Biochemical validation for the therapeutic use of Plumeria rubra in coagulation disorders: a study combining in silico, in vitro, and in vivo approaches.

Local healers in South Asia use Plumeria rubra Linn. leaves to treat various coagulation disorders in animals and humans. This study (in silico, in vitro, and in vivo) aimed to explore the pharmacological basis for the possible thrombolytic and anticlotting properties of the leaf extract of P. rubra. Phytoconstituents of P. rubra were dock against coagulation proteins: prothrombin, thromboplastin, and fibrin using in silico approach. Phytochemical screening, HPLC, and antioxidant, anticoagulant, and thrombolytic potential were evaluated using in vitro approach. Healthy male rabbits were divided into five groups (six rabbits each).

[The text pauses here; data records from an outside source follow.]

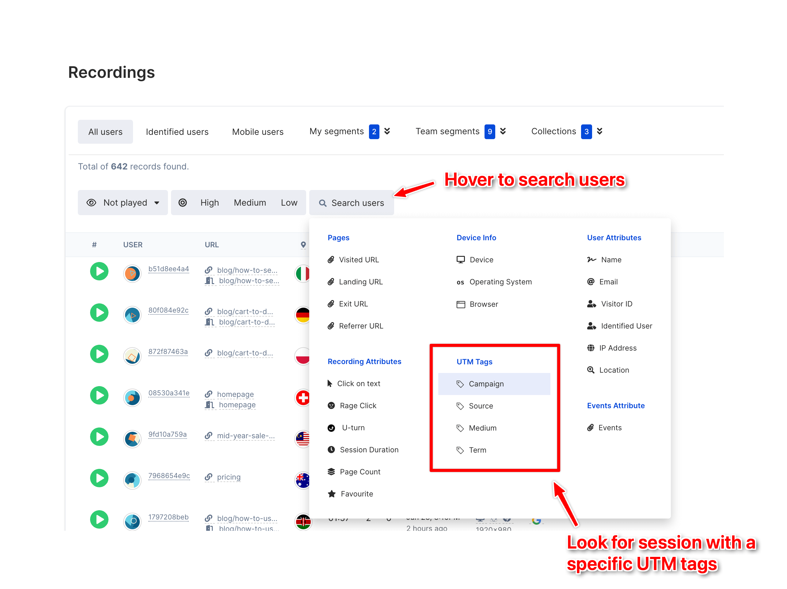 With your UTM tags in place, you can now analyze the performance of your campaigns within Howuku. It will show up in your dashboard under visitor acquisition channels or you can also perform a Session Recording filtering to search for visitors that are coming from a specific campaign.
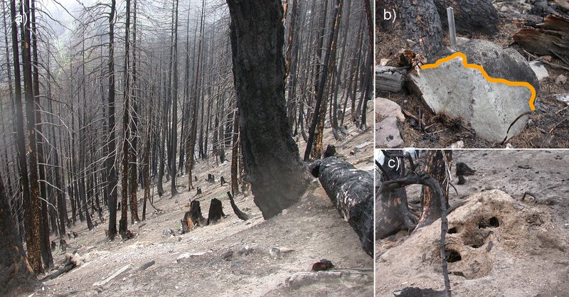 Abb. 1 - Bilder der Brandfläche Leuk (VS) einige Wochen nach dem Feuer von 2003: a) mit weisser Asche bedeckte Fläche, ein Anzeichen für die vollständige Verbrennung der Humusauflage und damit für ein starkes Feuer; b) Felsen mit scharfer Grenze der verbrannten Humussauflage. Oberhalb der orangen Linie ist der Fels als Folge des Feuers schwarz gefärbt; c) wahrscheinliches Überbleibsel eines Ameisennestes. Anklicken zum Vergrössern. Foto: Marco Moretti (WSL)
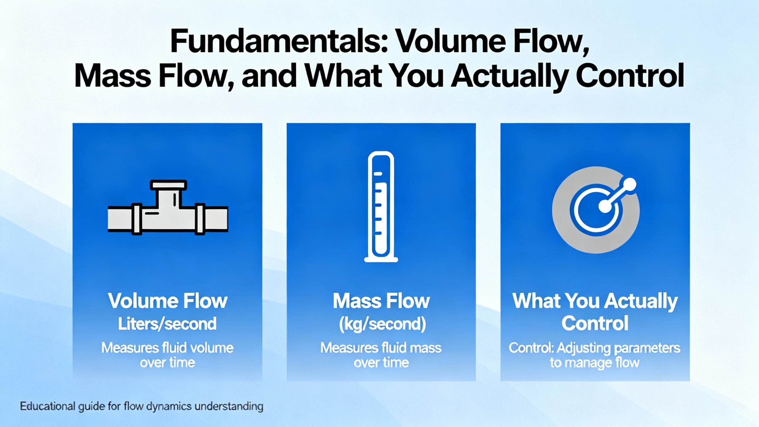 Before picking a meter type, it helps to be clear on what quantity you actually care about. Technical primers on mass flow technology and flow meter selection emphasize a few core concepts.
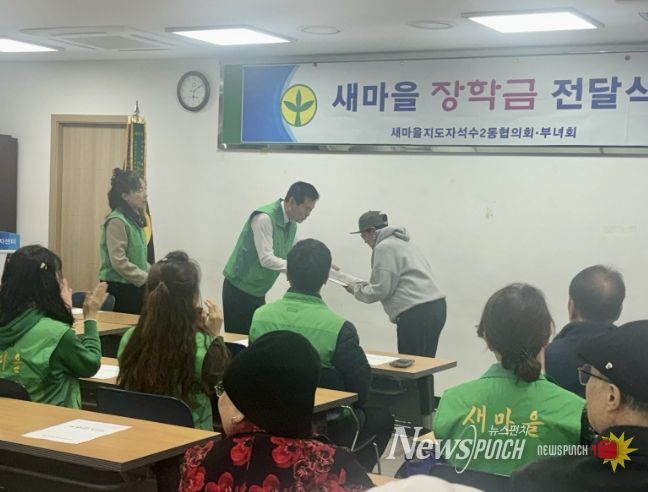 뉴스펀치 박상훈 기자 | 안양시 석수2동 새마을지도자협의회와 새마을부녀회는 지난 25일 석수2동 행정복지센터에서 관내 저소득가정 고등학생 3명에게 각각 30만 원씩 총 90만 원의 장학금을 전달했다.
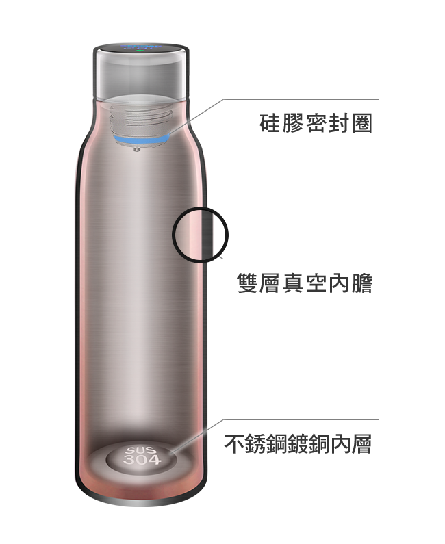 採用雙層真空不銹鋼內膽設計,配合不銹鋼鍍銅內層及硅膠密封圈,提供極佳密封性,以三重鎖溫技術阻止熱量流失,冷熱皆可,保溫效果一流。
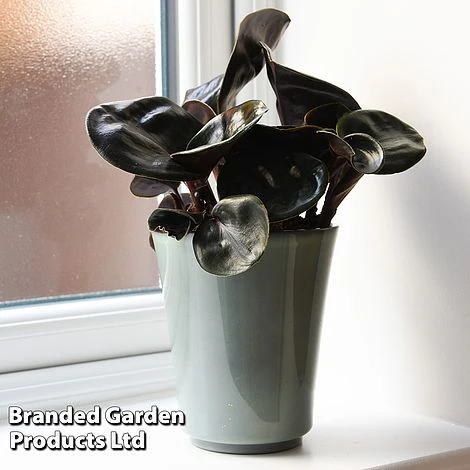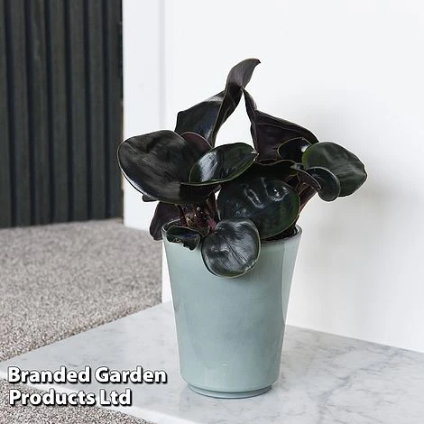 Geogenanthus ciliatus ‘Midnight Pearl’ is an extraordinary and very rare houseplant boasting totally unique colour-changing foliage. The shiny round leaves mature to almost black, giving the plant a goth-like and incredibly striking appearance. Purplish stems and a bright violet leaf midrib create a stunning contrast with the near-black foliage. This Amazonian native thrives in a humid environment such as a bathroom, in a bright spot out of direct sunlight. An exciting addition to any houseplant collection, ‘Midnight Pearl’ is sure to be marvelled at by all who see it! Height and spread: 15cm (6in).
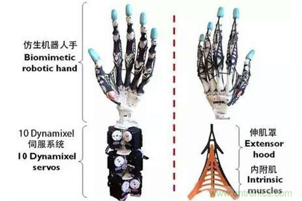 「擬人機器手設(shè)計的常規(guī)方法是,用類似鉸鏈、聯(lián)動裝置和平衡環(huán)等零件來實現(xiàn)生物部件的機械化,從而將看似復雜的人體參照物進行了簡化。這種方法對于理解并模仿人手的運動原理有一定幫助,但不可避免的制造了一些人與機械手之間的不良差異,因為人手上大多數(shù)顯著的生物力學特征都在機械化的過程中被丟棄了。這些機器手和人手生物力學在本質(zhì)上的不匹配阻礙了我們使用自然的手部運動來直接控制它們。因此,還沒有任何一只擬人機器人手可以達到人手的靈巧程度。」
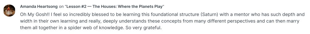The Planets “hum” with the aspects they create to one another. You’ll learn about the many different types of aspects, their orbs, and their frequency they each cary (and why!).
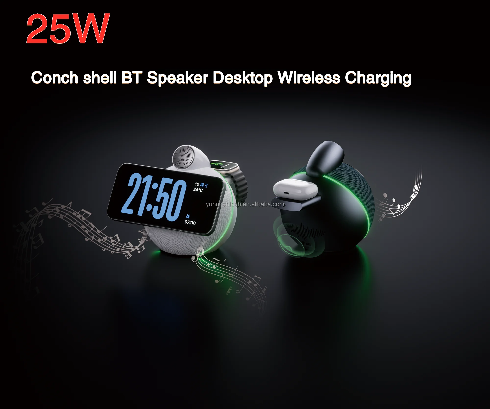 Luxury Multifunctional Conch Shape Wireless Charger With BT Speaker RGB Light 25W Charger Dropshipping X16 for iphone 15 Pro Max
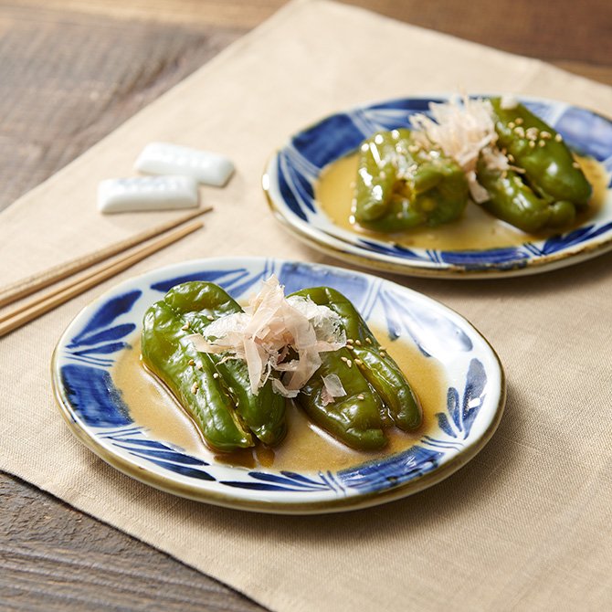 ピーマンは手のひらで軽くつぶし、味が染み込みやすいように裂け目を作る
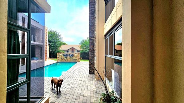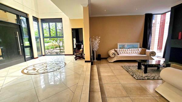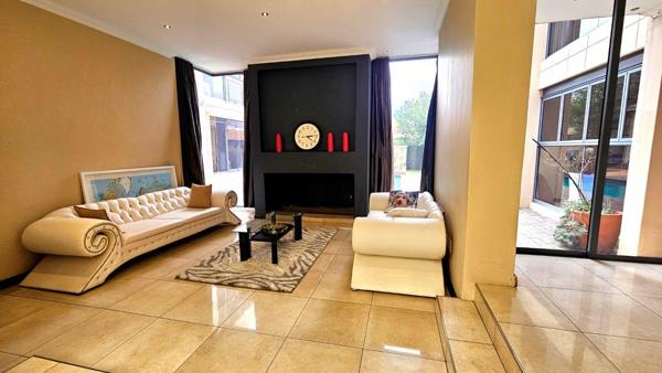 Located to the left of the reception area, a generously proportioned office/work space is situated, offering entry from the main home and exit via a sliding door to the entertainment space, complete with a sparkling swimming pool. The residence''s design places the pool at its central core, ensuring it remains accessible from the living spaces, and the kitchen/dining are as well as the guest suite, bar and patio areas . A fully equipped guest suite is conveniently positioned on the ground floor, complete with a separate entrance and an enormous full bathroom. An adjacent bar area and enclosed braai space further enhance the property.
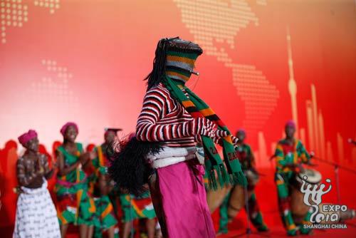儀式上,來自贊比亞的演員表演了擊鼓和舞蹈。
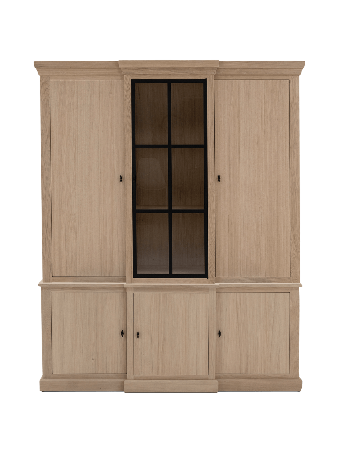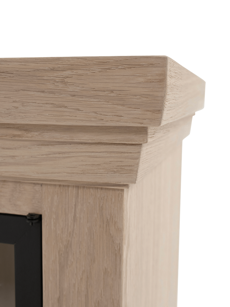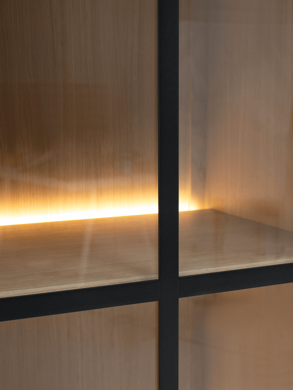 De klassieke sierlijst aan de bovenkant, het massieve onderstel en de sierlijke zwarte grepen zorgen samen voor een tijdloze charme. De kast wordt geleverd exclusief LED-verlichting, zodat je zelf kan kiezen hoe je het interieur wil belichten.

Groups 1-3 were treated with aqueous-methanolic (30:70%) extract of P. rubra at 200, 300, and 600 mg/mL respectively groups in contrast to the positive and negative control groups. Thrombolytic activity was assessed at doses of 200, 300, and 600 µg/mL in comparison with standard urokinase (600 µg/kg). Platelet adhesion was evaluated at a dose of 200, 300, and 600 µg/mL against adrenaline (2 µM) and acute oral dose toxicity was assessed using in vivo approach. In silico study resulted in an excellent binding affinity and showed significant interaction with coagulation proteins. Phytochemical analysis showed a range of phytochemical classes: alkaloids, tannins, flavonoids, glycosides, anthraquinones, and saponins. HPLC analysis confirmed the phytoconstituents plumericin, rutin, kaempferol, and isoquercetin already reported for coagulation disorders. P. rubra showed excellent antioxidant potential and was assessed using DPPH, NO, and SOD assays. The activated partial thromboplastin time (APTT), bleeding time (BT), prothrombin time (PT), and clotting time (CT) all went up with increasing doses in the aqueous-methanolic extract (p ≤ 0.05). Comparing the plant extract to urokinase, the plant extract demonstrated considerable (p ≤ 0.05) clot lysis. Additionally, it dose-dependently delayed the ADR-induced platelet adhesion dose-dependently (p ≤ 0.05). The outcome of this study justifies its therapeutic utility in coagulation disorders and can be used as an alternative medicine.